§ **Task to carry out**: Print the data that follows exactly, leaving nothing out.

§ **Source material**:
════════
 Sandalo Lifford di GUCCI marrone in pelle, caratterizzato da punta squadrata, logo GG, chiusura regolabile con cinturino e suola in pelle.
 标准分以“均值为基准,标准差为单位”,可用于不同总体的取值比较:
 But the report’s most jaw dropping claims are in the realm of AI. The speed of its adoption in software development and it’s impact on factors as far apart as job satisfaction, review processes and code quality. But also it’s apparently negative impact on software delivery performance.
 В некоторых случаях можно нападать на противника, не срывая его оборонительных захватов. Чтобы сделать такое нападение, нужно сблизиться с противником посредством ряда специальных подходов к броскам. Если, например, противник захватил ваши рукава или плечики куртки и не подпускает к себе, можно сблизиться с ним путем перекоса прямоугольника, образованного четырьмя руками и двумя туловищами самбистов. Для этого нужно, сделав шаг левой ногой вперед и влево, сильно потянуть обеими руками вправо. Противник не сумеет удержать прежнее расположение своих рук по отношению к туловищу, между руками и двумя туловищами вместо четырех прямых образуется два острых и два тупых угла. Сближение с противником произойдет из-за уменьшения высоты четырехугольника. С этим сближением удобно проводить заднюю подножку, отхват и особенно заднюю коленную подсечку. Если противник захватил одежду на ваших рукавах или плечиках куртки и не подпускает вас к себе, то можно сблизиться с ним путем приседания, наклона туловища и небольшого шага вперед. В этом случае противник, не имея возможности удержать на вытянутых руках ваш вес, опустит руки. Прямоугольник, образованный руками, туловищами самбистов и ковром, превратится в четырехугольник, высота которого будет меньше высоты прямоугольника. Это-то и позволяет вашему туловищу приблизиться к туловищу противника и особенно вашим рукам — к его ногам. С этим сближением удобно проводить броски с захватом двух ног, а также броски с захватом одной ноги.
════════
§ **Exercise solution**:
 Sandalo Lifford di GUCCI marrone in pelle, caratterizzato da punta squadrata, logo GG, chiusura regolabile con cinturino e suola in pelle.
 标准分以“均值为基准,标准差为单位”,可用于不同总体的取值比较:
 But the report’s most jaw dropping claims are in the realm of AI. The speed of its adoption in software development and it’s impact on factors as far apart as job satisfaction, review processes and code quality. But also it’s apparently negative impact on software delivery performance.
 В некоторых случаях можно нападать на противника, не срывая его оборонительных захватов. Чтобы сделать такое нападение, нужно сблизиться с противником посредством ряда специальных подходов к броскам. Если, например, противник захватил ваши рукава или плечики куртки и не подпускает к себе, можно сблизиться с ним путем перекоса прямоугольника, образованного четырьмя руками и двумя туловищами самбистов. Для этого нужно, сделав шаг левой ногой вперед и влево, сильно потянуть обеими руками вправо. Противник не сумеет удержать прежнее расположение своих рук по отношению к туловищу, между руками и двумя туловищами вместо четырех прямых образуется два острых и два тупых угла. Сближение с противником произойдет из-за уменьшения высоты четырехугольника. С этим сближением удобно проводить заднюю подножку, отхват и особенно заднюю коленную подсечку. Если противник захватил одежду на ваших рукавах или плечиках куртки и не подпускает вас к себе, то можно сблизиться с ним путем приседания, наклона туловища и небольшого шага вперед. В этом случае противник, не имея возможности удержать на вытянутых руках ваш вес, опустит руки. Прямоугольник, образованный руками, туловищами самбистов и ковром, превратится в четырехугольник, высота которого будет меньше высоты прямоугольника. Это-то и позволяет вашему туловищу приблизиться к туловищу противника и особенно вашим рукам — к его ногам. С этим сближением удобно проводить броски с захватом двух ног, а также броски с захватом одной ноги.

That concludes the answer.